#### Your task
The output must start at the line containing "Дом построен из" in the records below and stop at the last line, matching each line exactly and leaving out every picture.

------------------------------------------------------------

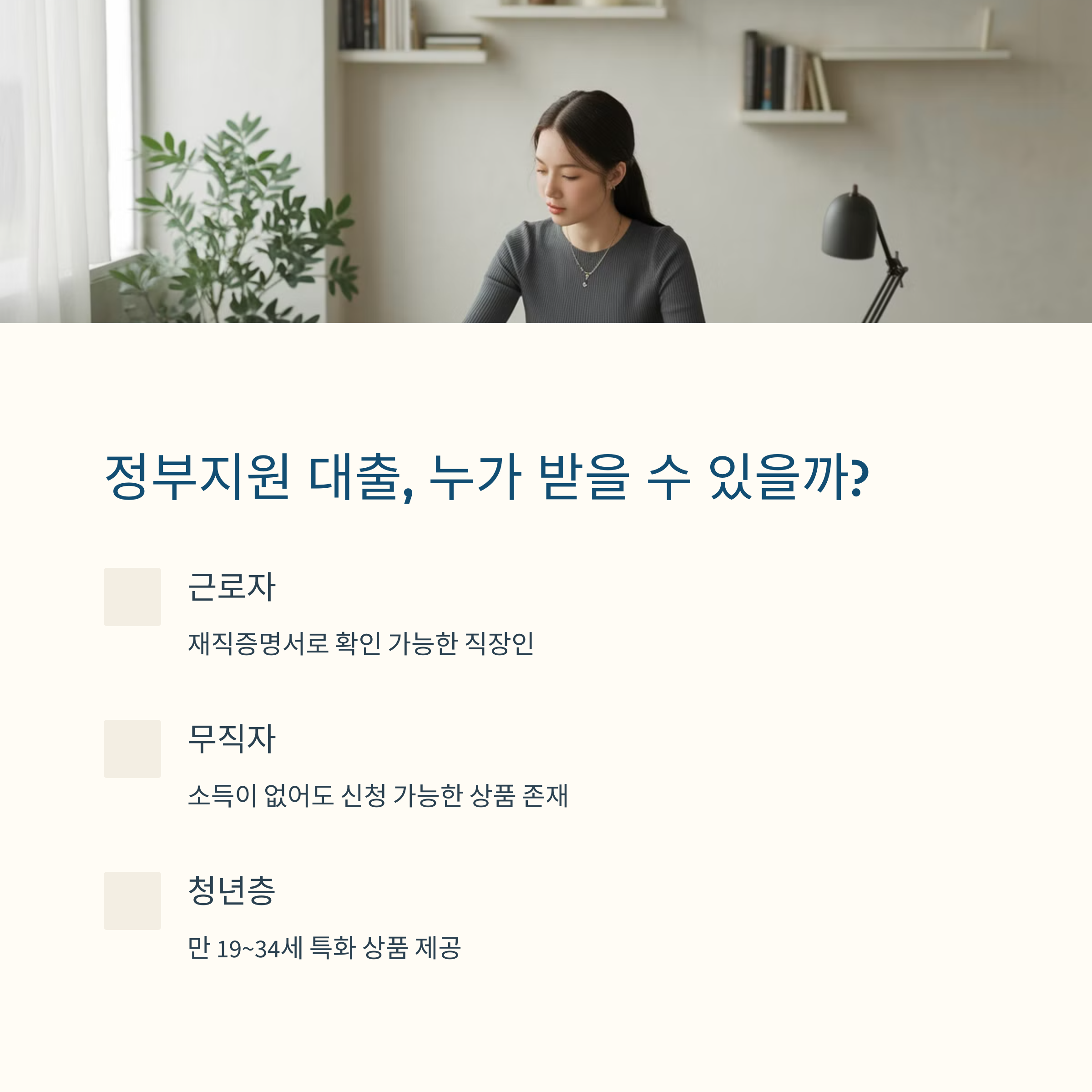정부지원 저금리 대출은 근로자, 무직자, 청년층 등
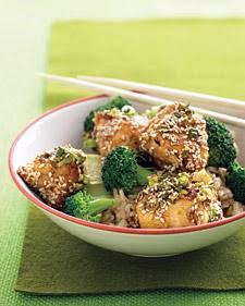 4. Meanwhile, place saucepan with steamer basket over high heat; bring water to a boil. Add broccoli, and cook until crisp-tender, 4 to 6 minutes. Serve sesame chicken with broccoli and rice.
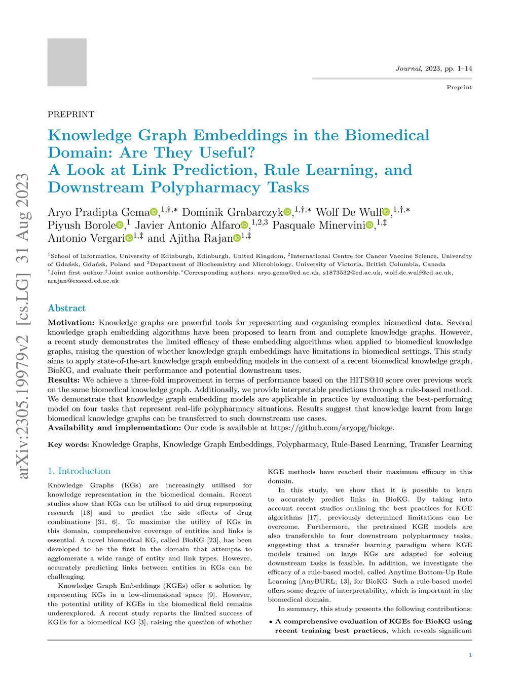 Knowledge graphs are powerful tools for representing and organising complex biomedical data. Several knowledge graph embedding algorithms have been proposed to learn from and complete knowledge graphs. However, a recent study demonstrates the limited efficacy of these embedding algorithms when applied to biomedical knowledge graphs, raising the question of whether knowledge graph embeddings have limitations in biomedical settings. This study aims to apply state-of-the-art knowledge graph embedding models in the context of a recent biomedical knowledge graph, BioKG, and evaluate their performance and potential downstream uses. We achieve a three-fold improvement in terms of performance based on the HITS@10 score over previous work on the same biomedical knowledge graph. Additionally, we provide interpretable predictions through a rule-based method. We demonstrate that knowledge graph embedding models are applicable in practice by evaluating the best-performing model on four tasks that represent real-life polypharmacy situations. Results suggest that knowledge learnt from large biomedical knowledge graphs can be transferred to such downstream use cases. Our code is available at https://github.com/aryopg/biokge.
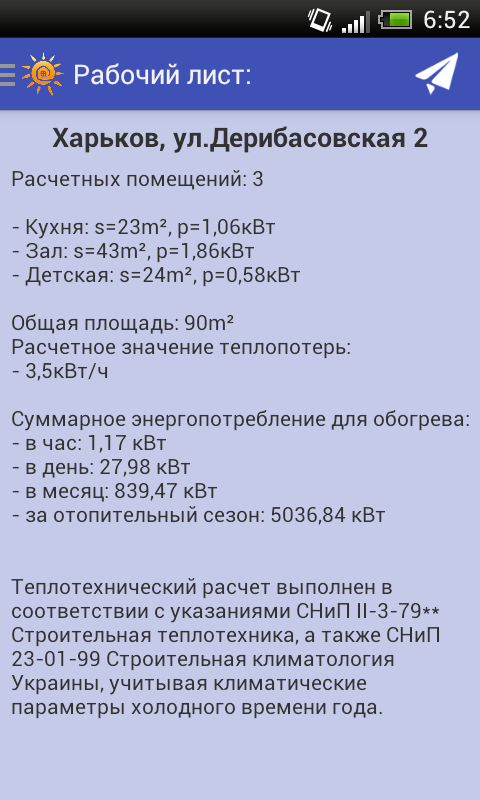 - отправлять расчет мощности в электронном виде заказчику (или себе);
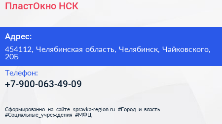 ПластОкно НСК по адресу 454112, Челябинская область, Челябинск, Чайковского, 20Б в дальнейшем Организация, размещена в следующих категориях:
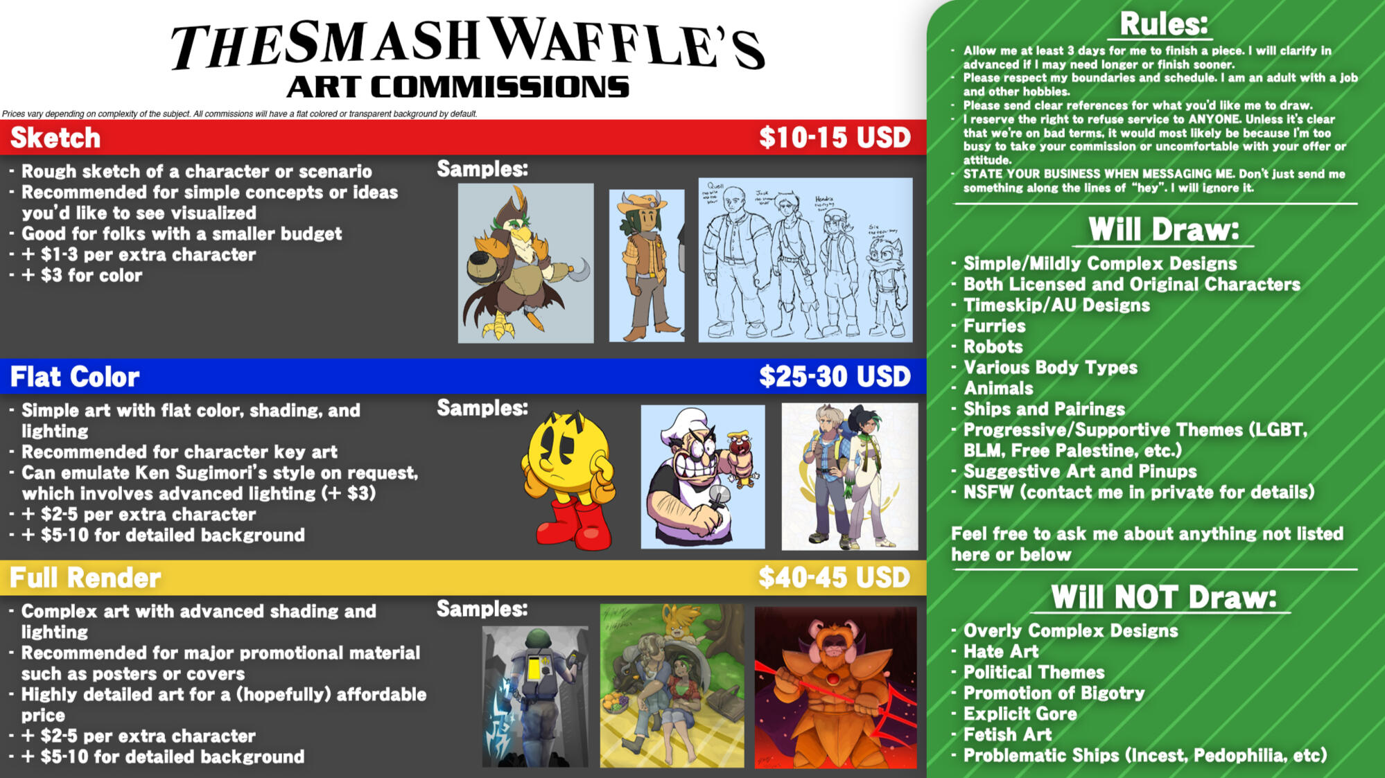 25 y/o, He/Him, Straight (Mildly Bicurious), Autistic Hey, I'm TheSmashWaffle, or Waffle for short if you will! I'm an artist who's been drawing at least since I was 5, and I specialize most in digital artwork. I studied art and graphic design for 4 years at both community college and university and have earned both an associate's and a bachelor's degree for my efforts. I'm still trying to figure myself out, but one day I hope to have a job where I can put my creative skills to good use. As per my online presence, I like to use the internet as a platform to share my art, ideas, opinions, and more with the world. I enjoy making friends with others like me here and there, and I like to think I'm a fairly approachable person. I might step out of line sometimes since I'll admit I have my own problems here and there, but don't be afraid to tell me if I ever say or do anything that makes you uncomfortable. I'm no saint, but I don't mean harm to anybody in particular. If you'd like to learn more about me, then feel free to read the other pages on my carrd!
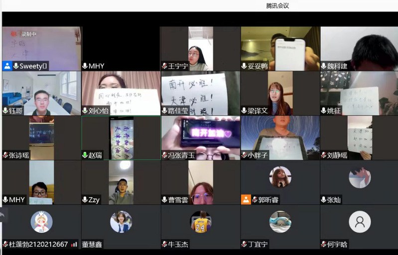 团日活动的最后,同学们齐唱团歌并纷纷写下“南开必胜!天津必胜!中国必胜!”为抗击疫情加油鼓劲。相信只要大家勇担责任使命,坚定决胜信念,携手并进,共克时艰,就必定能打赢这场战疫防控阻击战,在春暖花开时于南开园再相见!
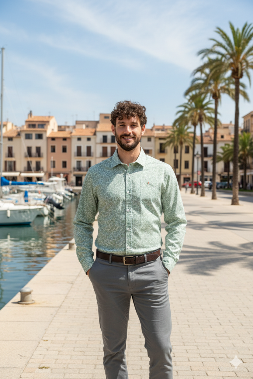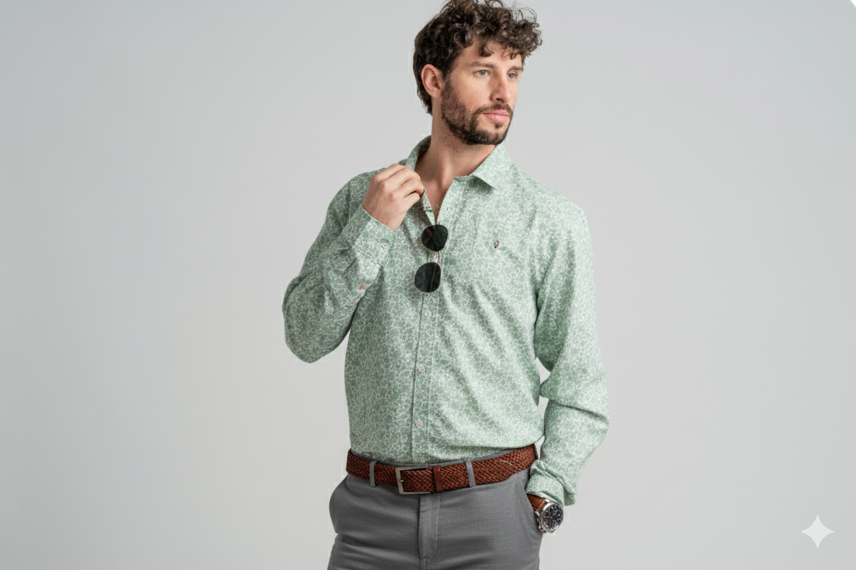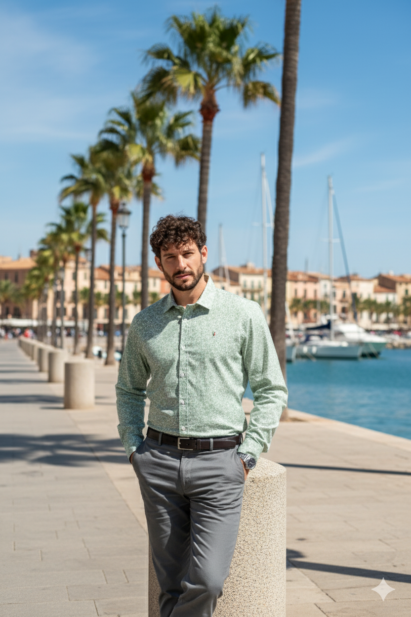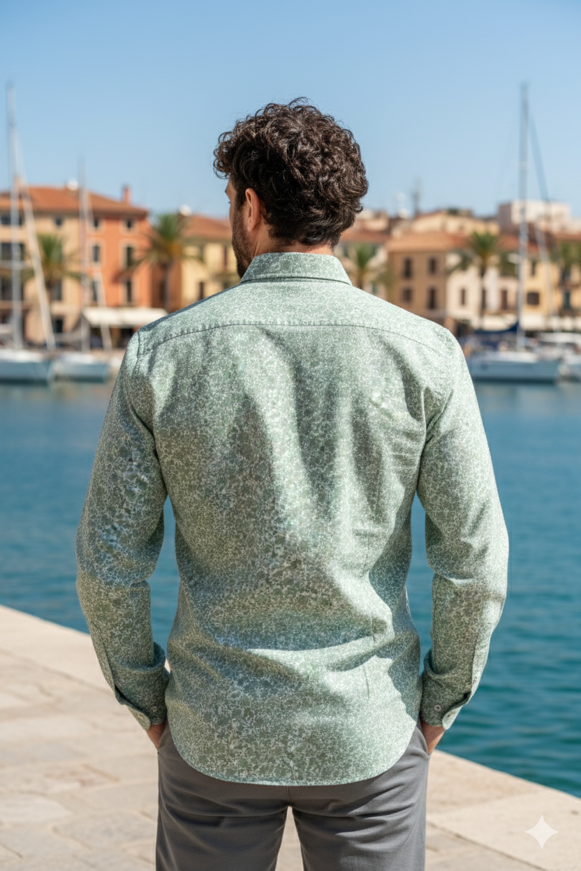 Camisa de manga larga con ajuste entallado. Su estampado sutil y su tejido transpirable aportan sofisticación y comodidad para cualquier ocasión en el Mediterráneo.
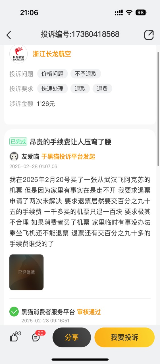 有消费者表示,自己于2月13日在浙江长龙航空订了两张贵阳至杭州的机票,因为看错时间需要退票,短短十分钟却要收取高额手续费。除收取高额手续费外,也有消费者投诉称自己在遭遇突发疾病等特殊情况时,退票诉求频频受阻。
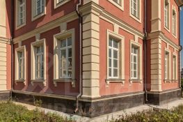 Дом построен из полнотелого кирпича, имеет внушительную толщину стен. Также во всех комнатах сделана лепнина во французском стиле и мраморные подоконники.
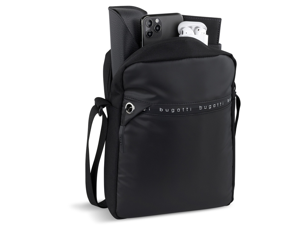 Сумка наплечная BUGATTI Blanc Delight, чёрная, нейлон RPET600D/тарпаулин/полиэстер, 20х6х26 см, 2 л купить оптом и в розницу с нанесением логотипа в Нижнем Новгороде
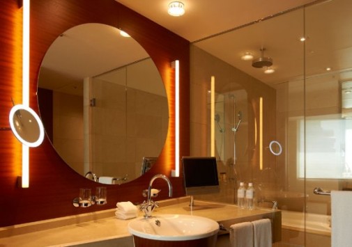 Номера-люкс оформлены в стиле модерн, декорированы натуральными тканями и деревом, ванные комнаты облицованы известняком и располагают глубокими ваннами.
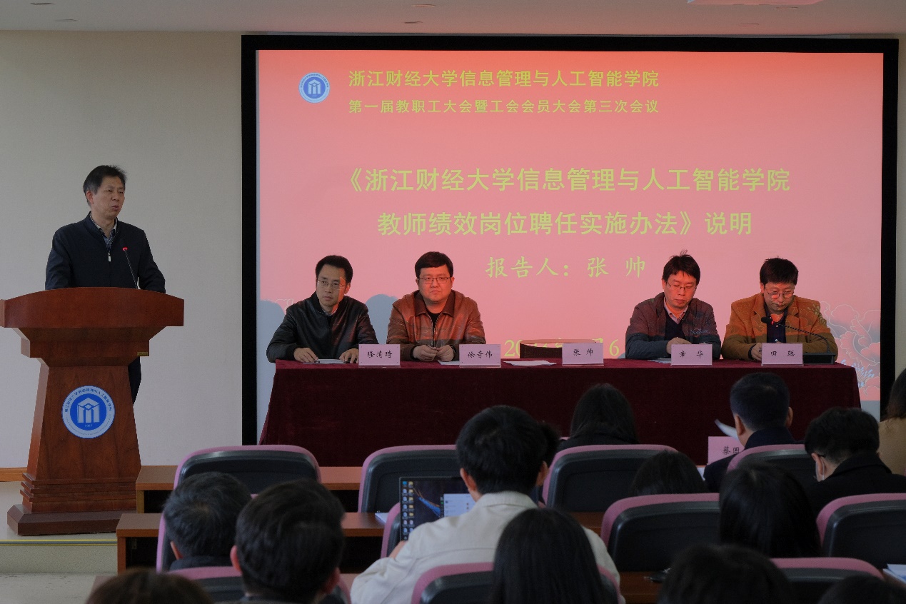 信息管理与人工智能学院第一届教职工大会暨工会会员大会第三次会议在学院302报告厅隆重举行。学院全体教职工参加了大会,大会由学院党委副书记田聪主持。
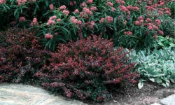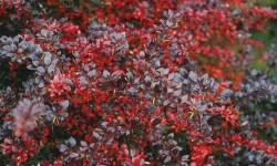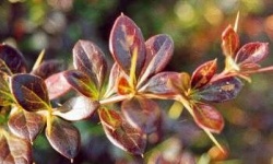 Osiąga zaledwie 1 m wysokości. Liście brązowo czerwone, jesienią
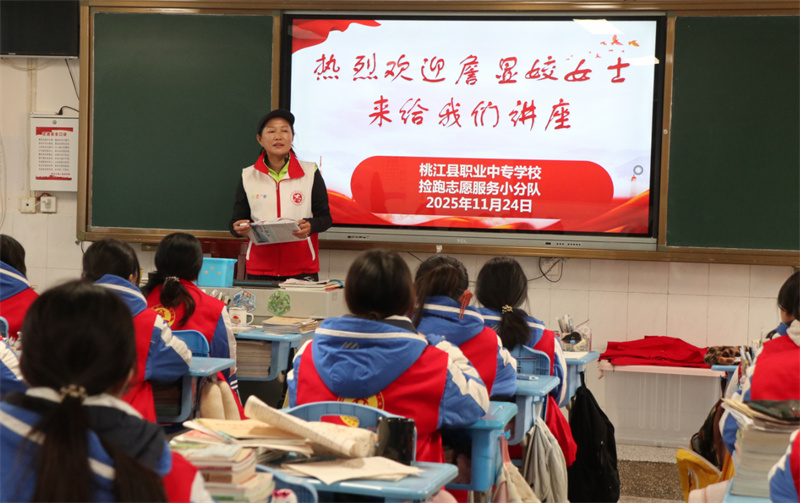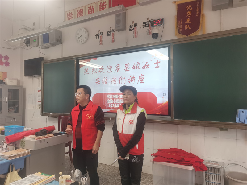 早八点,在桃江县职业中专学校,旅游英语专业164班的教室里,一股别样的激情在静静流淌,等待着被点燃。仪式伊始,詹显姣女士站上了讲台。她娓娓道来,分享着她对“捡跑”这一独特公益形式的深刻体悟。她深情细数自己奔波于各地,投身于各级各类爱心志愿服务的经历。
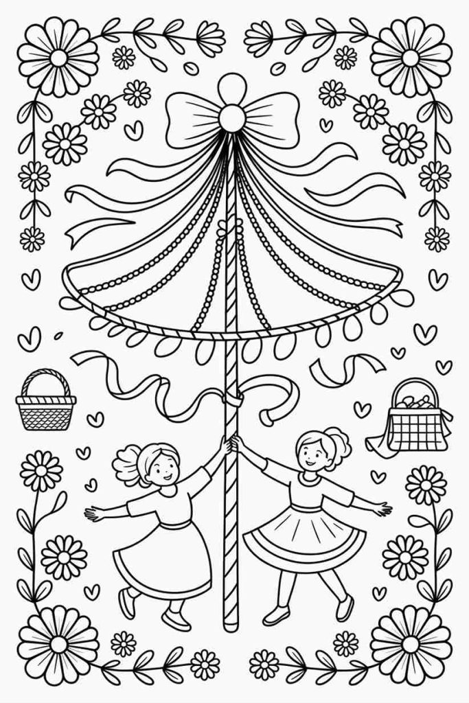 - Holiday Celebrations: Mother’s Day, Cinco de Mayo, May the 4th, and may day coloring pages printable with maypoles and ribbons.
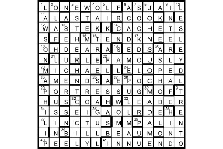 ‘Never eat an oyster unless there’s an R in the month’ (Brewer). Eight unclued lights (in appropriate order) start with abbreviations of the months said to be safe for OSTREOPHAGES (1): SEPTIME (18), OCTANDRIA (26), NOVICE (34), DECELERATING (43), JANIFORM (11), FEBRIFACIENT (13), MARION (19D) and APRICOT (28). First prize Dennis Cotterell, Carlisle Runners-up Peter
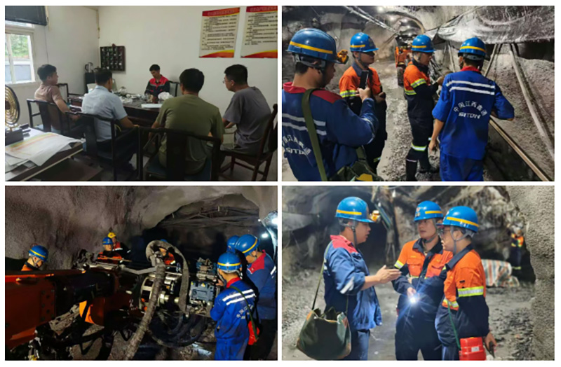 在中国五矿华冶老河坝矿区,团队为14台鑫通设备(5台掘进钻车、4台锚杆钻车、5台扒渣机)提供全面“体检”,与项目部及机电团队深入交流设备运行情况。客户高度认可设备效率与售后工作的专业响应,并针对设备优化设计提出创新建议,以实践智慧反哺产品迭代升级。
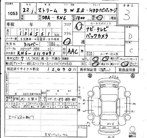 Honda STREAM с аукциона Японии IAA Osaka лот № 1053

------------------------------------------------------------

#### Solution to this problem
 Дом построен из полнотелого кирпича, имеет внушительную толщину стен. Также во всех комнатах сделана лепнина во французском стиле и мраморные подоконники.
 Сумка наплечная BUGATTI Blanc Delight, чёрная, нейлон RPET600D/тарпаулин/полиэстер, 20х6х26 см, 2 л купить оптом и в розницу с нанесением логотипа в Нижнем Новгороде
 Номера-люкс оформлены в стиле модерн, декорированы натуральными тканями и деревом, ванные комнаты облицованы известняком и располагают глубокими ваннами.
 信息管理与人工智能学院第一届教职工大会暨工会会员大会第三次会议在学院302报告厅隆重举行。学院全体教职工参加了大会,大会由学院党委副书记田聪主持。
 Osiąga zaledwie 1 m wysokości. Liście brązowo czerwone, jesienią
 早八点,在桃江县职业中专学校,旅游英语专业164班的教室里,一股别样的激情在静静流淌,等待着被点燃。仪式伊始,詹显姣女士站上了讲台。她娓娓道来,分享着她对“捡跑”这一独特公益形式的深刻体悟。她深情细数自己奔波于各地,投身于各级各类爱心志愿服务的经历。
 - Holiday Celebrations: Mother’s Day, Cinco de Mayo, May the 4th, and may day coloring pages printable with maypoles and ribbons.
 ‘Never eat an oyster unless there’s an R in the month’ (Brewer). Eight unclued lights (in appropriate order) start with abbreviations of the months said to be safe for OSTREOPHAGES (1): SEPTIME (18), OCTANDRIA (26), NOVICE (34), DECELERATING (43), JANIFORM (11), FEBRIFACIENT (13), MARION (19D) and APRICOT (28). First prize Dennis Cotterell, Carlisle Runners-up Peter
 在中国五矿华冶老河坝矿区,团队为14台鑫通设备(5台掘进钻车、4台锚杆钻车、5台扒渣机)提供全面“体检”,与项目部及机电团队深入交流设备运行情况。客户高度认可设备效率与售后工作的专业响应,并针对设备优化设计提出创新建议,以实践智慧反哺产品迭代升级。
 Honda STREAM с аукциона Японии IAA Osaka лот № 1053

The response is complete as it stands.